Uppsala, Sweden

When I dropped off my kids at school early last week, I noticed that -another parent’s car was covered in ash — it had been parked in a garage where arsonists had been at work, attacking scores of vehicles. His Volvo had got away: just. ‘My car can be cleaned,’ the father told me, ‘but how can I explain this to my young kids?’

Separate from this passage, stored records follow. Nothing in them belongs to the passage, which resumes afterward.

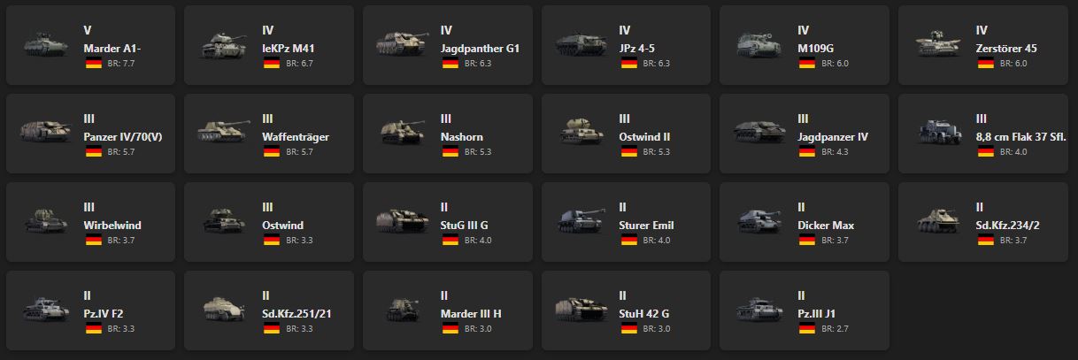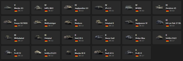 V - 1 Marder A1-, leKPz M41, Jagdpanther G1, JPz 4-5, M109G, Zerstörer 45, Panzer IV/70(V), Waffenträger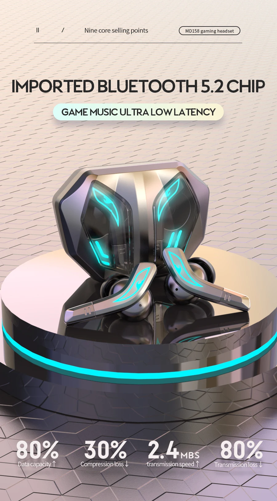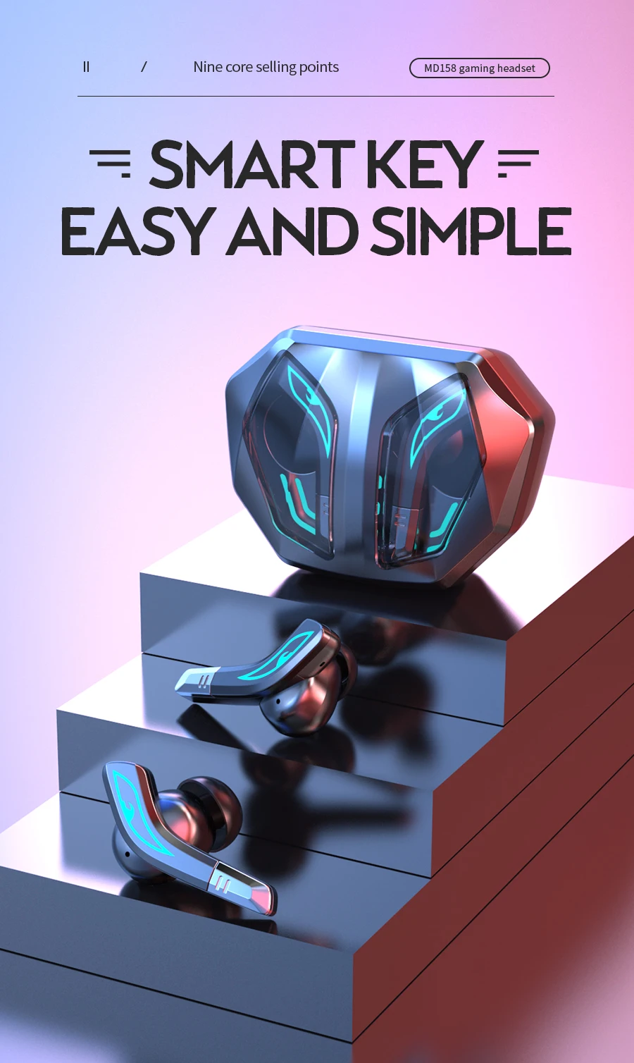 مدل MD158 برای گیمرها و علاقهمندان به تجربه صوتی پرانرژی طراحی شده. بلوتوث نسخه 5.0، زمان پاسخدهی پایین و پخش موسیقی تا ۵–۷ ساعت، از ویژگیهای برجسته آن هستند. باتری 300mAh، نمایشگر LED، مقاومت استاندارد IPX5 در برابر آب و نورپردازی استثنایی باعث میشود این محصول برای توزیع عمده در بازارهای منطقهای با سود خالص بالا، انتخابی متمایز و پایدار باشد.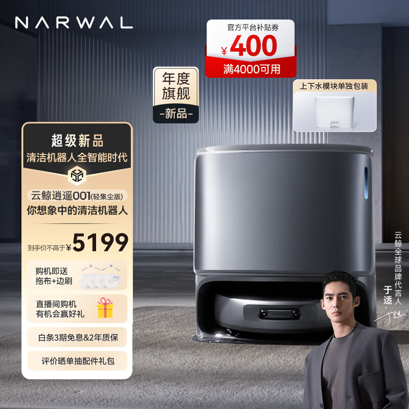 云鲸扫地机器人逍遥001轻集尘版 扫拖一体自动清洗全自动 双芯双目智能防缠绕拖地机 上下水套装深空灰价格:5599.00元!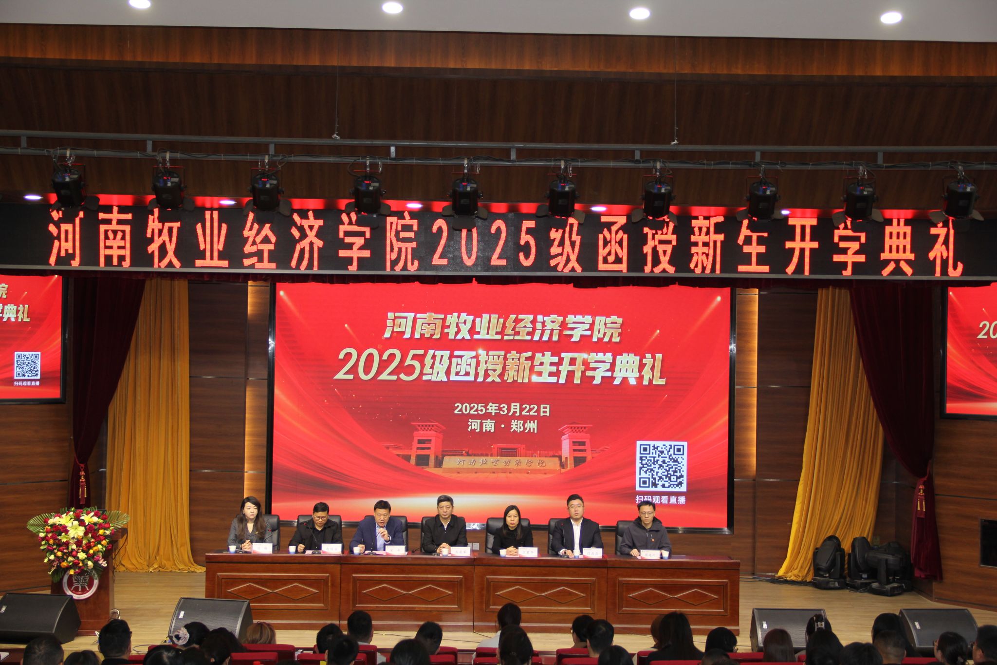 3月22日,我校2025级函授新生开学典礼在龙子湖校区尚严楼A100报告厅举行。副校长岳彩军出席典礼并致辞,ok138cn太阳集团古天乐相关负责人、200余名新生现场参会,2600余名新生通过线上直播参加。典礼由ok138cn太阳集团古天乐院长宋平主持。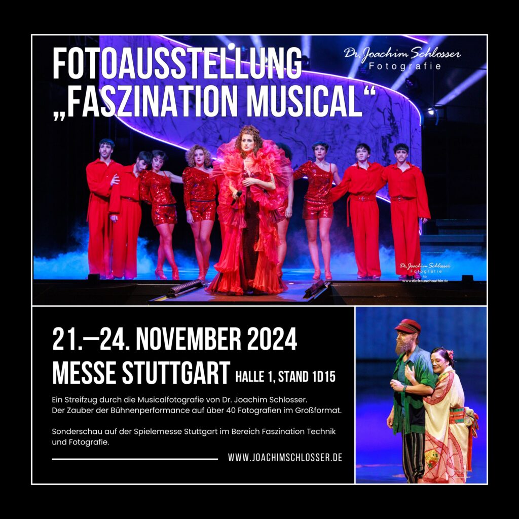 Und dann habe ich noch eine Ankündigung für Sie. An diesem Donnerstag bis Sonntag, 21.–24.11.2024, präsentiere ich in der Messe Stuttgart meine Fotoausstellung zum Thema „Faszination Musical“.

As Sweden goes to the polls next weekend, its politicians face another conundrum: how do they explain all this to the country? I live in Uppsala, a leafy and prosperous university town north of Stockholm. Around Gothenburg, the attacks have been far more dramatic: in mid-August, 80 torched vehicles made the city’s normally dull boroughs seem more like Aleppo. Videos are being circulated showing explosion after explosion going off. Groups of masked and black-clad arsonists blazed cars and caravans. Smoke plumes above the Gothenburg skyline could be seen for miles around. It was as if the city had just been blitzed by air raids. Twenty years ago, such scenes would have shocked Sweden to its core. Now they are a prelude to a general election which is being fought amid bitter debates about immigration, integration, crime and populism. The Sweden Democrats, a party that was for years regarded as a sinister group of far-right cranks, looks like it may end up as the largest party in parliament. Even now, Sweden’s established -parties aren’t sure how to respond. In normal times, if a centre-left government was seen to preside over a collapse of order, it would be the conservatives — in Sweden, the Moderate party — who would benefit. But these aren’t normal times and support for the Moderates is dropping. One of the party’s MPs tells me about his trouble on the doorstep talking to voters — and how many times he ‘can’t get through the anger filter’.